Source data:
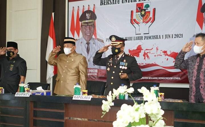 TERASNKRI.COM | BOLMUT, SULUT – Bupati Bolaang Mongondow Utara Drs. Hi. Depri Pontoh Mengikuti Upacara Peringatan Hari Lahir Pancasila Secara
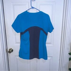 This Barco Uniforms t-shirt features a vibrant blue color with contrasting gray side panels, offering a sleek and modern look. Designed with short sleeves and a fitted style, it provides both comfort and a flattering silhouette. Ideal for casual outings or active wear, this top combines style and functionality effortlessly.
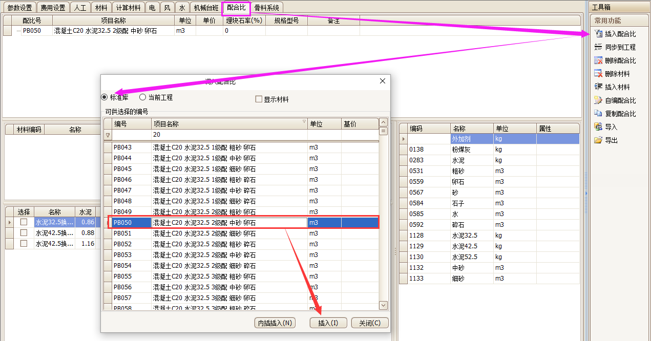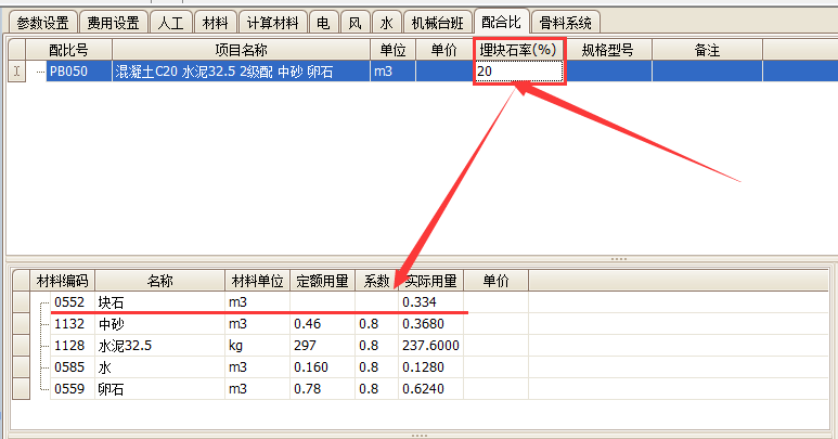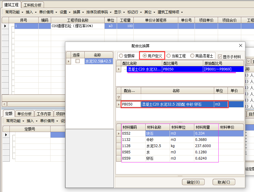 第二步:项目中,套用定额的 配合比弹窗界面,选择【用户自定义】选项,把我们设置好的 埋石配合比【双击】选择进去;
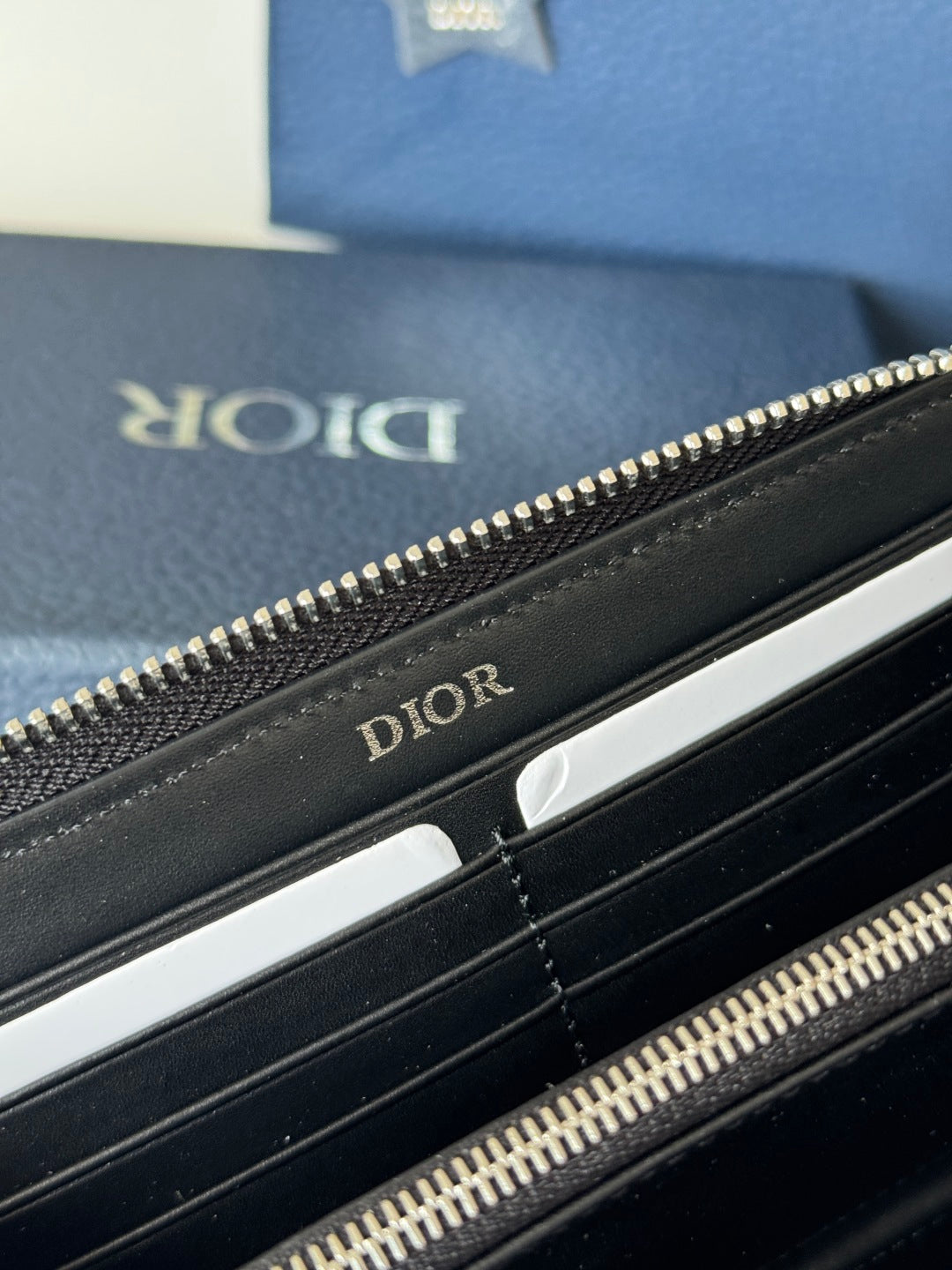DIOR 25S LONG VERTICAL ZIPPED WALLET 19 IN BLACK CALFSKIN SILVER HARDWARE

Directions: Reproduce the material above in full, exactly, with no images.

Exercise solution:
 TERASNKRI.COM | BOLMUT, SULUT – Bupati Bolaang Mongondow Utara Drs. Hi. Depri Pontoh Mengikuti Upacara Peringatan Hari Lahir Pancasila Secara
 This Barco Uniforms t-shirt features a vibrant blue color with contrasting gray side panels, offering a sleek and modern look. Designed with short sleeves and a fitted style, it provides both comfort and a flattering silhouette. Ideal for casual outings or active wear, this top combines style and functionality effortlessly.
 第二步:项目中,套用定额的 配合比弹窗界面,选择【用户自定义】选项,把我们设置好的 埋石配合比【双击】选择进去;
DIOR 25S LONG VERTICAL ZIPPED WALLET 19 IN BLACK CALFSKIN SILVER HARDWARE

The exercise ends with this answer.